TASK ITEM →
Using the data below, output a verbatim copy of the lines between the one holding "The Roasted Pine" and the one holding "正值端午節(jié),歐春菊", inclusive, without any pictures.

Entries taken from a collection:
==*==

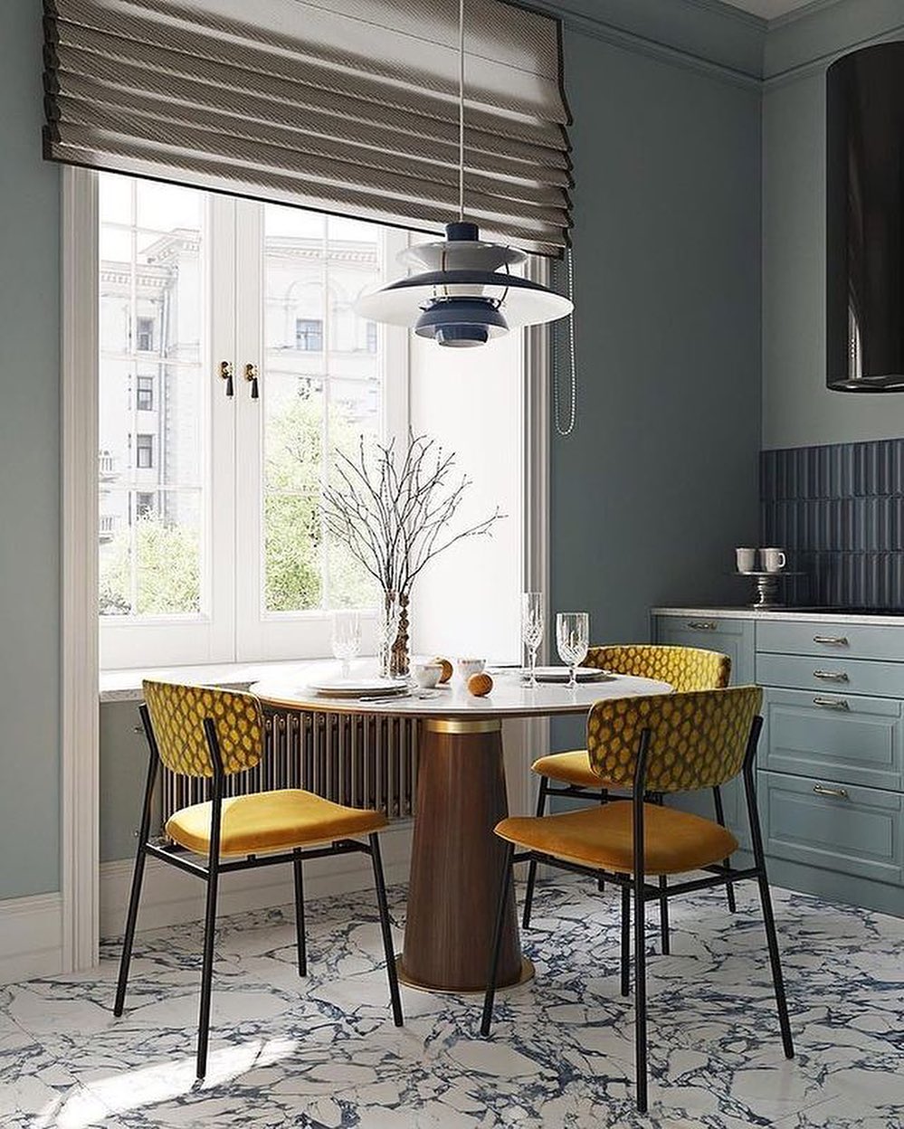 Ledeno modra + zlata + marmor
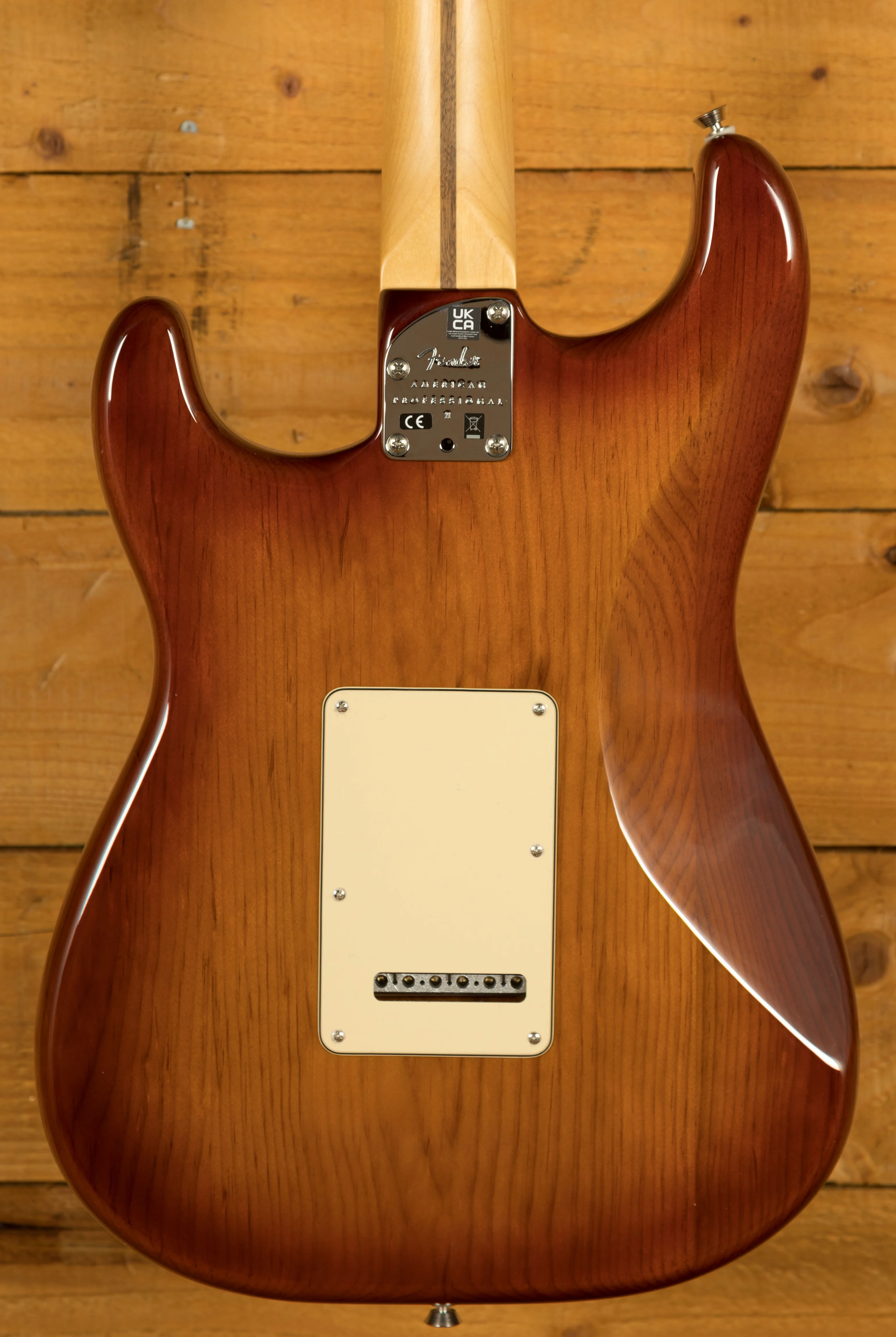 The Roasted Pine body is typically comfortable,as all Strat's are, Finished in the brilliant Sienna Sunburst option, it looks real slick. The Maple neck and fingerboard feature a Deep C profile, designed for speed and comfort; it's equally at home playing big chords or intricate lead work. 22 frets, a 9.5" radius and 25.5" scale length make this Stratocaster feel familiar and supremely comfortable. The Professional II range brings a new contoured neck heel , soft rolled fingerboard edges and a super natural finish for improved feel and comfort
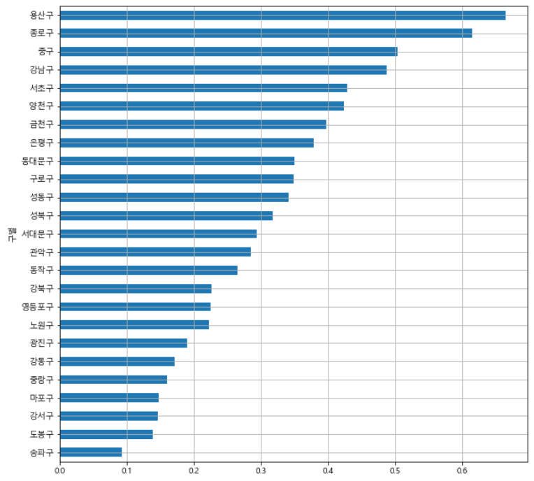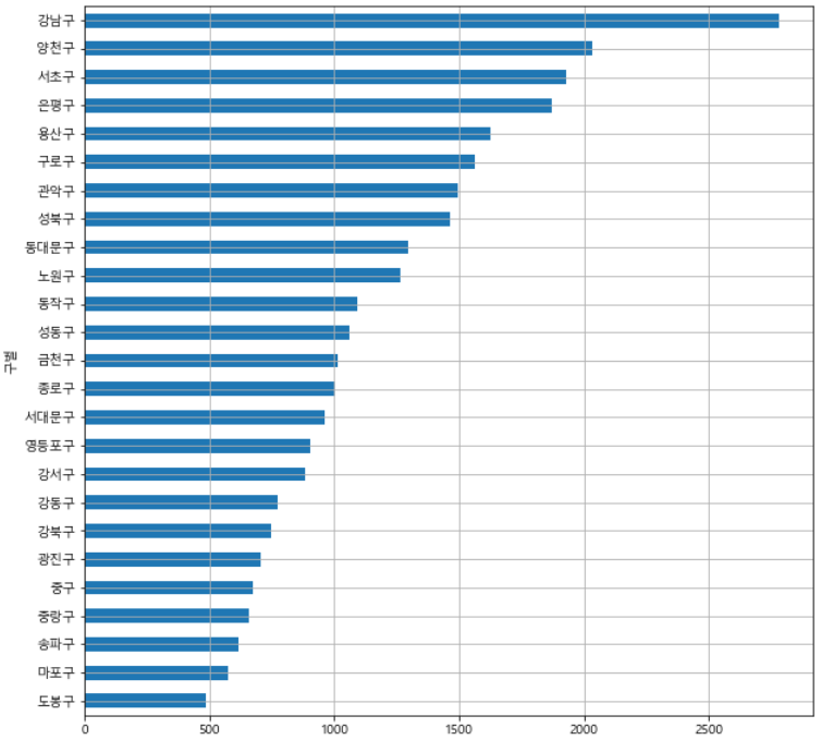 data_result['소계'].sort_values().plot(kind='barh', grid=True, figsize=(10,10)) |
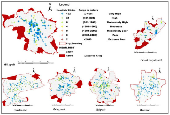 Spatial evaluation of hospitals and clinics from bus stops using Euclidean distance in six Indian cities.
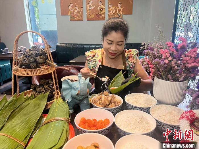 正值端午節(jié),歐春菊位于廣西南寧的泰式私房菜館賓客盈門,她制作的泰國風(fēng)味粽子、冬陰功湯、菠蘿炒飯、青木瓜沙拉等美食,為當(dāng)?shù)孛癖姷亩宋绮妥涝鎏砹水愑蝻L(fēng)味。
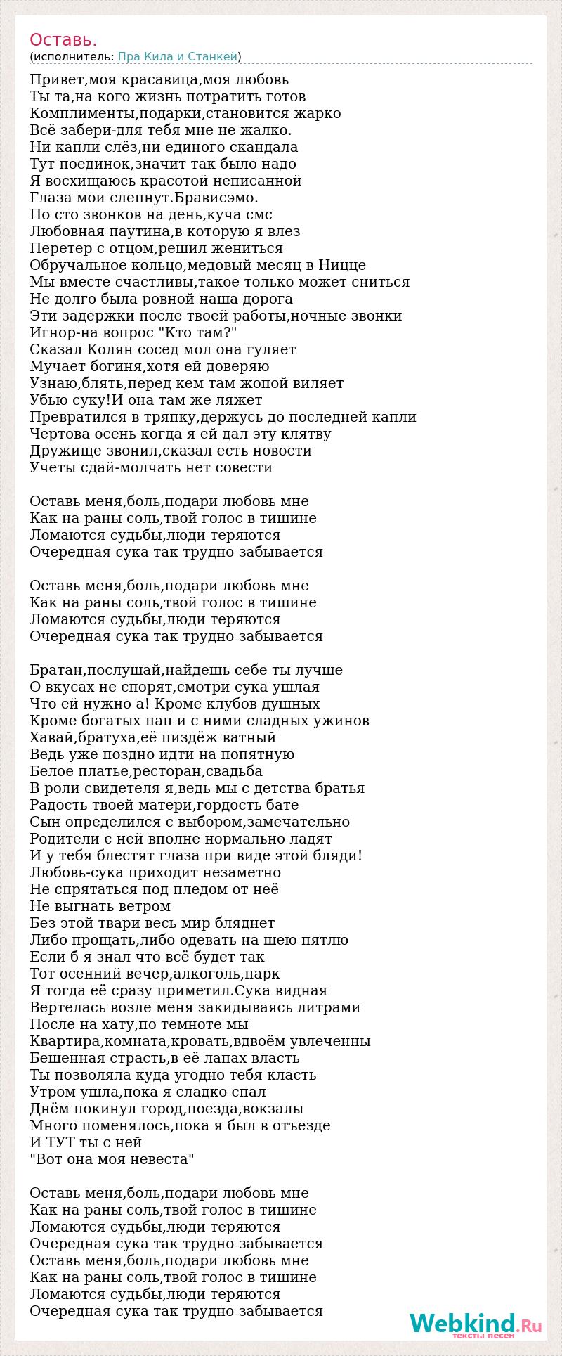 Привет,моя красавица,моя любовь Ты та,на кого жизнь потратить готов Комплименты,подарки,становится жарко Всё забери-для тебя мне не жалко. Ни капли слёз,ни единого скандала Тут поединок,значит так было надо Я восхищаюсь красотой неписанной Глаза мои слепнут.Брависэмо. По сто звонков на день,куча смс Любовная паутина,в которую я влез Перетер с отцом,решил жениться Обручальное кольцо,медовый месяц в Ницце Мы вместе счастливы,такое только может сниться Не долго была ровной наша дорога Эти задержки после твоей работы,ночные звонки Игнор-на вопрос "Кто там?" Сказал Колян сосед мол она гуляет Мучает богиня,хотя ей доверяю Узнаю,блять,перед кем там жопой виляет Убью суку!И она там же ляжет Превратился в тряпку,держусь до последней капли Чертова осень когда я ей дал эту клятву Дружище звонил,сказал есть новости Учеты сдай-молчать нет совести Оставь меня,боль,подари любовь мне Как на раны соль,твой голос в тишине Ломаются судьбы,люди теряются Очередная сука так трудно забывается Оставь меня,боль,подари любовь мне Как на раны соль,твой голос в тишине Ломаются судьбы,люди теряются Очередная сука так трудно забывается Братан,послушай,найдешь себе ты лучше О вкусах не спорят,смотри сука ушлая Что ей нужно а! Кроме клубов душных Кроме богатых пап и с ними сладных ужинов Хавай,братуха,её пиздёж ватный Ведь уже поздно идти на попятную Белое платье,ресторан,свадьба В роли свидетеля я,ведь мы с детства братья Радость твоей матери,гордость бате Сын определился с выбором,замечательно Родители с ней вполне нормально ладят И у тебя блестят глаза при виде этой бляди! Любовь-сука приходит незаметно Не спрятаться под пледом от неё Не выгнать ветром Без этой твари весь мир бляднет Либо прощать,либо одевать на шею пятлю Если б я знал что всё будет так Тот осенний вечер,алкоголь,парк Я тогда её сразу приметил.Сука видная Вертелась возле меня закидываясь литрами После на хату,по темноте мы Квартира,комната,кровать,вдвоём увлеченны Бешенная страсть,в её лапах власть Ты позволяла куда угодно тебя класть Утром ушла,пока я сладко спал Днём покинул город,поезда,вокзалы Много поменялось,пока я был в отъезде И ТУТ ты с ней "Вот она моя невеста" Оставь меня,боль,подари любовь мне Как на раны соль,твой голос в тишине Ломаются судьбы,люди теряются Очередная сука так трудно забывается Оставь меня,боль,подари любовь мне Как на раны соль,твой голос в тишине Ломаются судьбы,люди теряются Очередная сука так трудно забывается
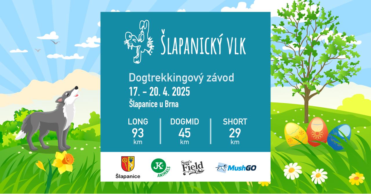 Kynologický klub Šlapanice pořádá 23. ročník dog-trekkingového závodu "Šlapanický vlk Moravským krasem" od 17. do 20. dubna 2025. Závodníci budou zdolávat trasy dlouhé 93 km (LONG) a 45 km (MID) s povinnou výstrojí a kontrolními body. Trasa povede převážně po turistických cestách a část trasy také katastrálním územím Vaší obce. Organizátor, Kynologický klub Šlapanice, očekává účast přibližně 50 týmů v LONG a 90-110 týmů v MID. V pátek a sobotu jsou naplánovány starty v brzkých ranních hodinách a vyhlášení vítězů proběhne v neděli dopoledne za účasti médií.
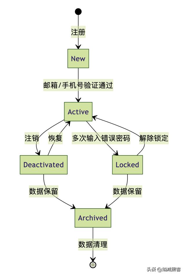 Account的state状态有:新注册,已激活,已注销,被锁定等状态,将这些状态在Mermaid脚本中描述出来,用markdown输出状态转换代码吧
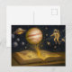 Astronaut schwimmt aus kosmischem Geschichtenbuch Feiertagspostkarte
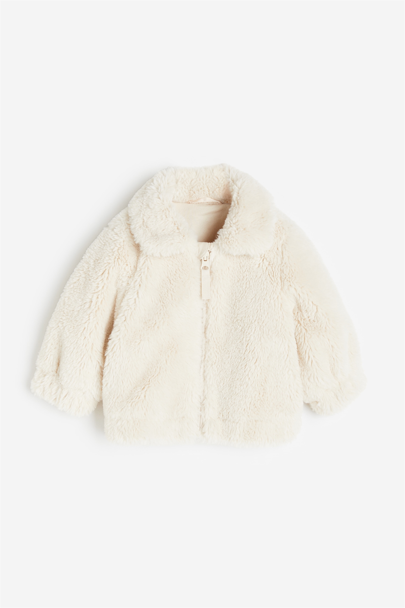 Куртка из мягкого пушистого материала с отложным воротником, застежкой на молнию с защитой подбородка и эластичными манжетами и подолом. На подкладке.
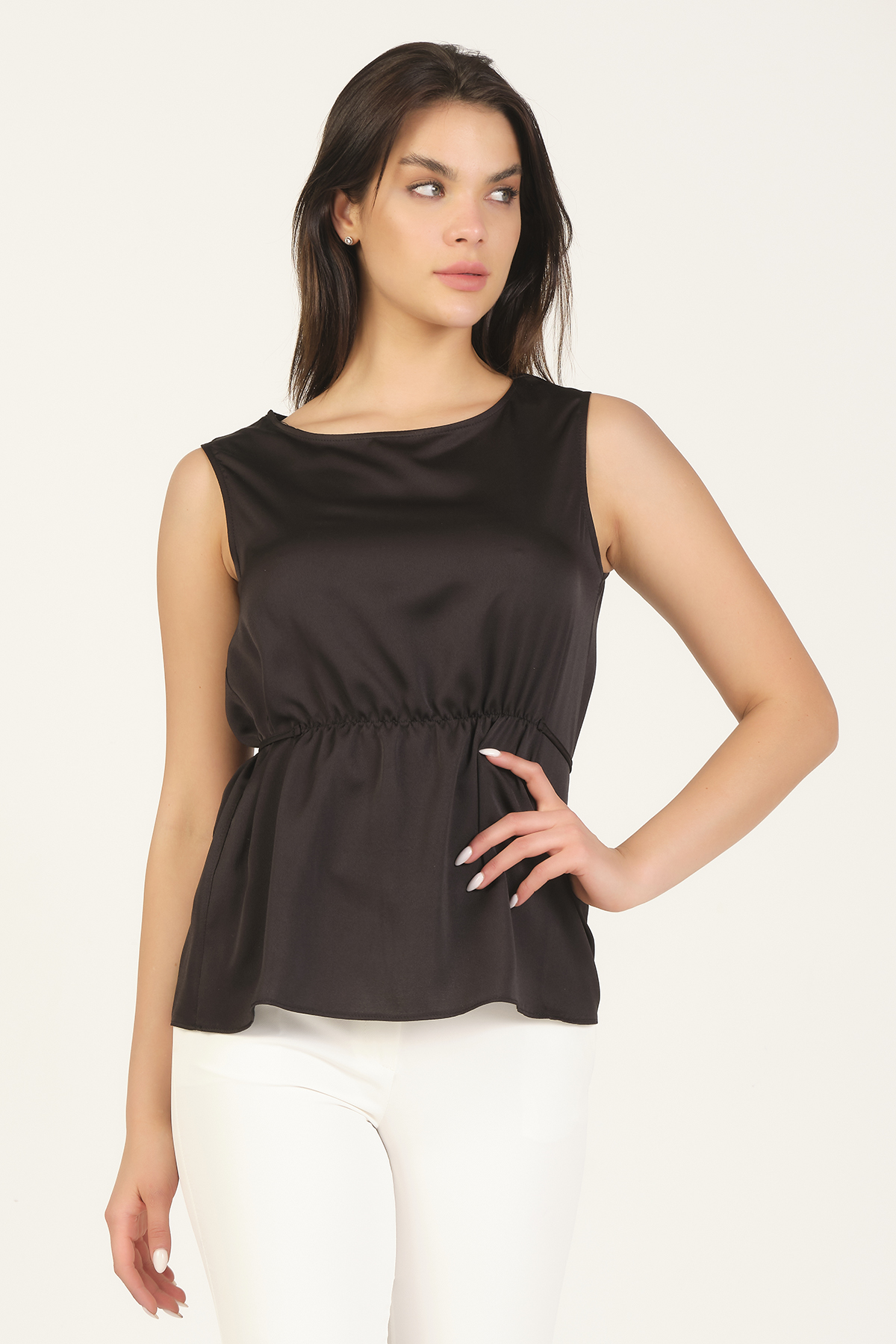 Satin Drawstring Waist Blouse
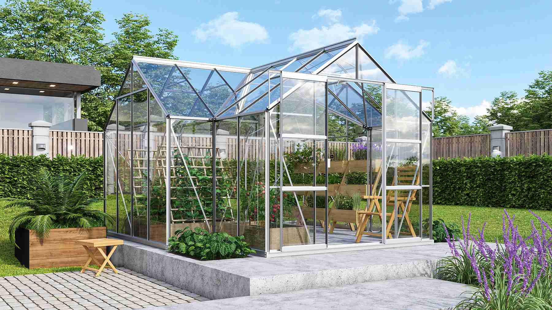 Szklarnia aluminiowa sz 3,83 x gł 3,83 m, kolor srebrny, 4x okno dachowe, poliwęglan o grubości 4 mm z Wielkiej Brytanii, pow 13,0 m2.

==*==

ANSWER →
 The Roasted Pine body is typically comfortable,as all Strat's are, Finished in the brilliant Sienna Sunburst option, it looks real slick. The Maple neck and fingerboard feature a Deep C profile, designed for speed and comfort; it's equally at home playing big chords or intricate lead work. 22 frets, a 9.5" radius and 25.5" scale length make this Stratocaster feel familiar and supremely comfortable. The Professional II range brings a new contoured neck heel , soft rolled fingerboard edges and a super natural finish for improved feel and comfort
 data_result['소계'].sort_values().plot(kind='barh', grid=True, figsize=(10,10)) |
 Spatial evaluation of hospitals and clinics from bus stops using Euclidean distance in six Indian cities.
 正值端午節(jié),歐春菊位于廣西南寧的泰式私房菜館賓客盈門,她制作的泰國風(fēng)味粽子、冬陰功湯、菠蘿炒飯、青木瓜沙拉等美食,為當(dāng)?shù)孛癖姷亩宋绮妥涝鎏砹水愑蝻L(fēng)味。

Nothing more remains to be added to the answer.